In 1985, Abraham and Chang13
demonstrated reduced ability of T lymphocytes to respond to the mitogens concanavalin A and phytohemagglutinin following traumatic injury. Later, it was discovered that the period of immunoparalysis after trauma was characterized by increased expression of inhibitory coreceptors (PD-1, CD47, CTLA4) on T lymphocytes and decreased expression of coactivator receptors such as CD28 on lymphocytes.14
This altered phenotype of lymphocytes correlated with diminished proliferation response contributing to anergy. Most significantly, a relationship between the loss of cell-mediated immunity in patients following traumatic injury, and the development of sepsis and late death had been established.12,15
As investigators began to look at lymphocyte function in sepsis (as opposed to trauma), it was clear that similar, if not identical patterns of dys-function were occurring. For example, it was shown that patients who have sepsis exhibit defects in their T lymphocytes, because the cells fail to proliferate in response to mitogenic stimuli and also fail to produce IL-2 or -12.16–18
Activated CD4 T-cells can be subdivided into two functionally distinct, highly polarized subsets, termed type 1 helper T-cell (Th1) and type 2 helper T-cell (Th2), depending on their pattern of lymphokine secretion and related functional activities. They secrete either cytokines with inflammatory Th1 properties, including TNF-α, interferon-γ, and IL-2, or cytokines with more anti-inflammatory Th2 properties (eg, IL-4 and -10). Lymphocytes from patients with burns or sepsis have reduced levels of Th1 cytokines but increased levels of the Th2 cytokines IL-4 and -10, and reversal of the Th2 response improves survival among patients who have sepsis.17,18
Some newer studies, however, show a somewhat different picture. For example, global down-regulation of Th1 and Th2 responses in patients after sepsis or severe trauma also has been observed.19,20
This suggests that there may be complete down-regulation of T-cell effector response rather than a shift to an anti-inflammatory response. Similarly, Heidecke and colleagues16
examined T-cell function in patients who had peritonitis and found that they had decreased Th1 function without increased Th2 cytokine production. In this study, effective T-cell proliferation and cytokine secretion correlated with mortality.
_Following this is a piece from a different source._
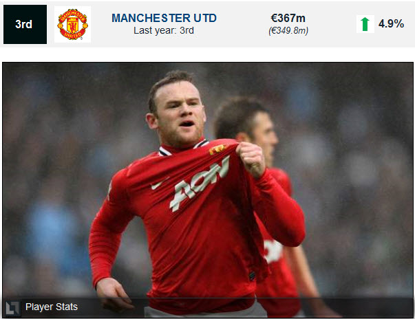 3. ស្របជាមួយគ្នានេះផងដែរ Manchester United ដែលជាក្រុមមួយដែលធ្លាប់តែល្បី ក្នុងវិស័យបាល់ទាត់របស់អង់គ្លេសបានធ្លាក់មកដល់លេខ3។ ហើយទទួលបានប្រាក់ ចំណូលត្រឹមតែ � 17.2 million ស្មើនឹង 4.9% តែប៉ុណ្ណោះ។

More recent findings have been identified a role for other regulatory T-cell populations suppressing T-cell immunity, including natural killer T-cells (NKT) and Gamma delta T-cells (γδ). Blocking the activation of NKT cells by means of an anti-CD1d antibody prevented this immune suppression.21
Using a model of burn injury on γδ T-cell deficient mice, Schwacha and colleagues22
demonstrated a reduced production of proinflammatory cytokines, suggesting that γδ T-cells played an important role in postburn survival. The exact mechanisms by which these regulatory lymphocyte subsets affect the immune response remain subjects of controversy but may represent future therapeutic targets in the management of sepsis.